Your instructions: Without the pictures, retype each line below exactly as it stands.

Provided material:
---

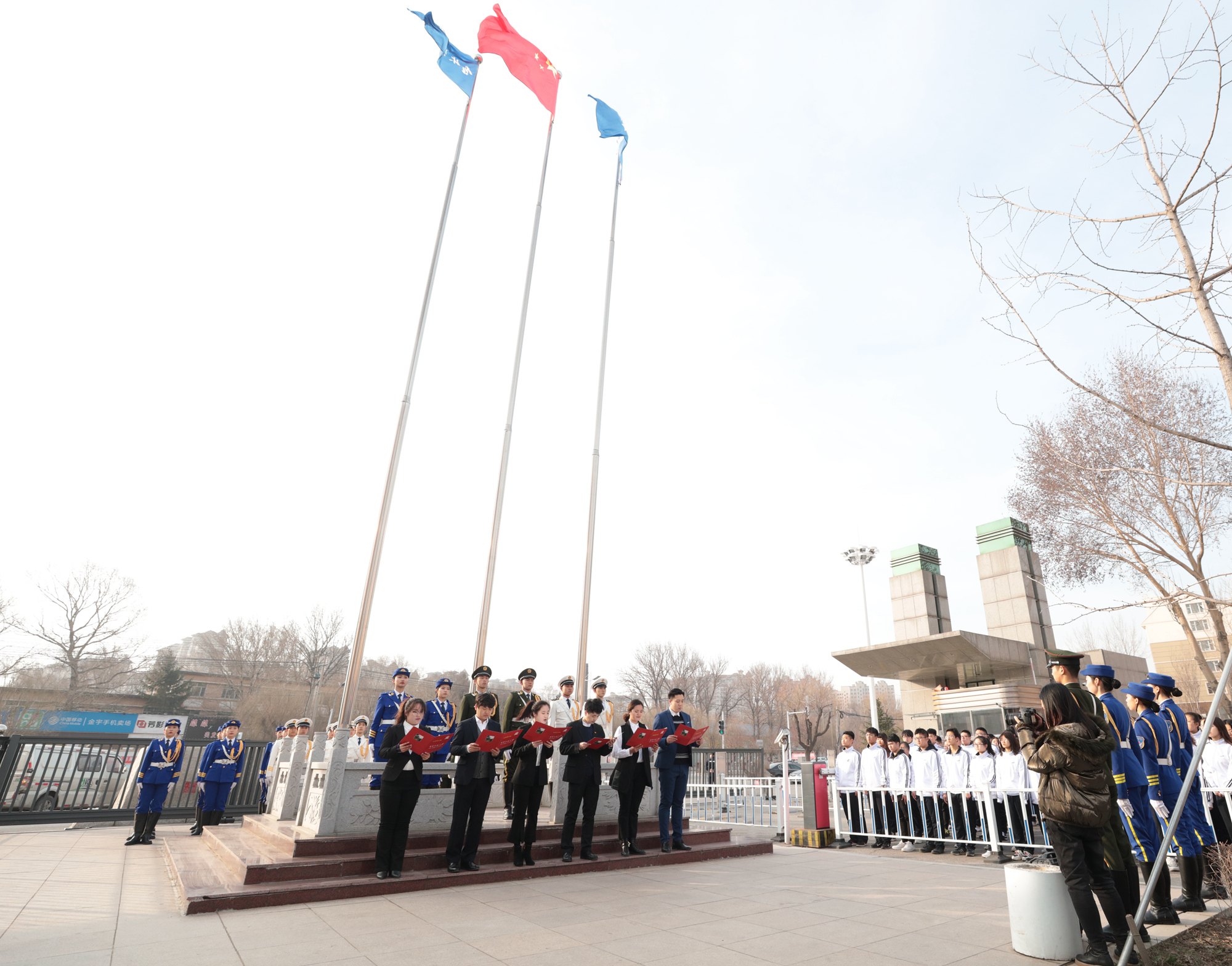 升旗仪式后,学生工作部负责人作了发言。6名新入职辅导员代表在国旗下饱含深情地齐声朗诵《青春中国》,以投身思想政治教育事业的最炽热拳拳赤子心,坚定继承先烈精神的决心,立志为祖国人才培养奉献无悔青春。
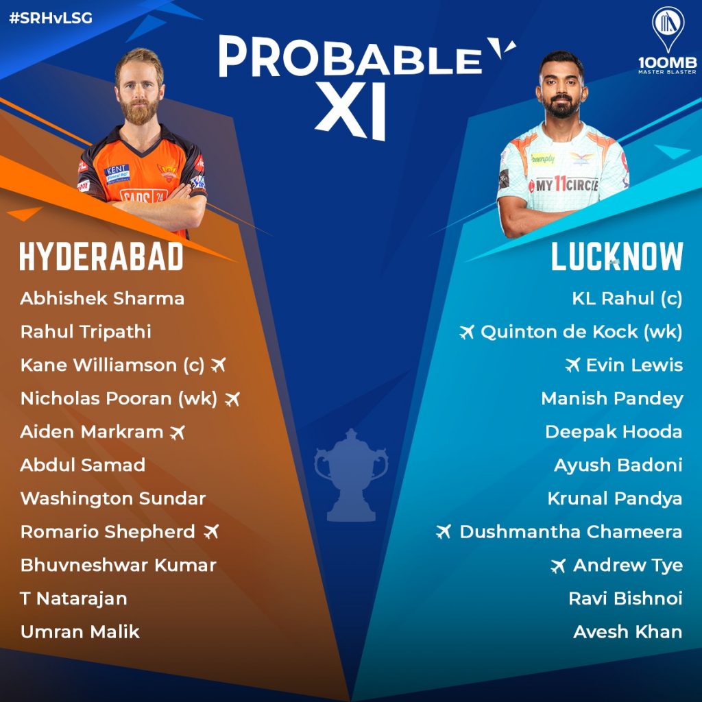 Predicted Playing XI for Sunrisers Hyderabad vs Lucknow Super Giants
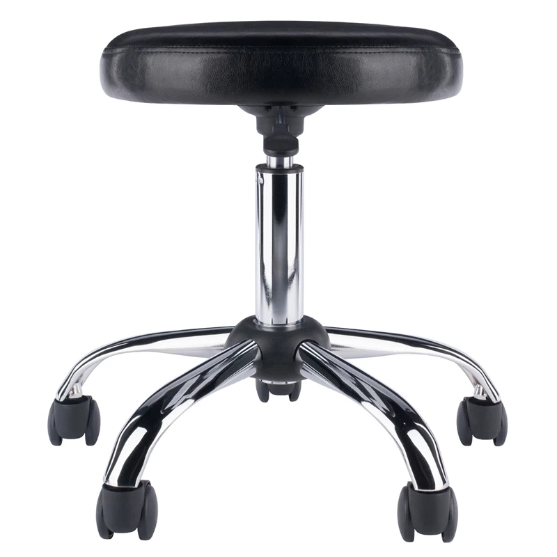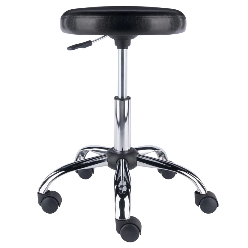 The Pemberly Row Wood Adjustable Swivel Seat Stool is the answer for your busy, multi-tasking life. Move easily from one work station to another in an office, salon, warehouse, or behind a retail counter. The hydraulic lift lets you raise or lower the seat from 18.3″” to 23″”H with a simple lever. And the seat rotates 360 degrees to suit whatever angle you need. The stool moves easily and smoothly on the hooded casters without scratching the floor. The cushioned seat is made of faux leather in a Black finish, complemented by the chrome base. Sturdy, but lightweight enough to move wherever you need flexible, mobile seating. Conveniently packed in one box with all the hardware needed for assembly.
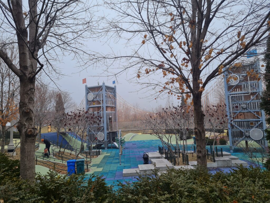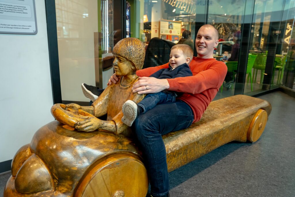 Nästa stopp blev lekplatsen i Maggie Dalay Park. En av de största i Chicago. Vi hade den för oss själva och Vidar döpte sin favoritrutschkana till ”Vidar rutschkanan”. Lekplatsen blev en favorit och vi fick anledning att återkomma flera gånger under våra dagar i Chicago.

---

Expected answer:
 升旗仪式后,学生工作部负责人作了发言。6名新入职辅导员代表在国旗下饱含深情地齐声朗诵《青春中国》,以投身思想政治教育事业的最炽热拳拳赤子心,坚定继承先烈精神的决心,立志为祖国人才培养奉献无悔青春。
 Predicted Playing XI for Sunrisers Hyderabad vs Lucknow Super Giants
 The Pemberly Row Wood Adjustable Swivel Seat Stool is the answer for your busy, multi-tasking life. Move easily from one work station to another in an office, salon, warehouse, or behind a retail counter. The hydraulic lift lets you raise or lower the seat from 18.3″” to 23″”H with a simple lever. And the seat rotates 360 degrees to suit whatever angle you need. The stool moves easily and smoothly on the hooded casters without scratching the floor. The cushioned seat is made of faux leather in a Black finish, complemented by the chrome base. Sturdy, but lightweight enough to move wherever you need flexible, mobile seating. Conveniently packed in one box with all the hardware needed for assembly.
 Nästa stopp blev lekplatsen i Maggie Dalay Park. En av de största i Chicago. Vi hade den för oss själva och Vidar döpte sin favoritrutschkana till ”Vidar rutschkanan”. Lekplatsen blev en favorit och vi fick anledning att återkomma flera gånger under våra dagar i Chicago.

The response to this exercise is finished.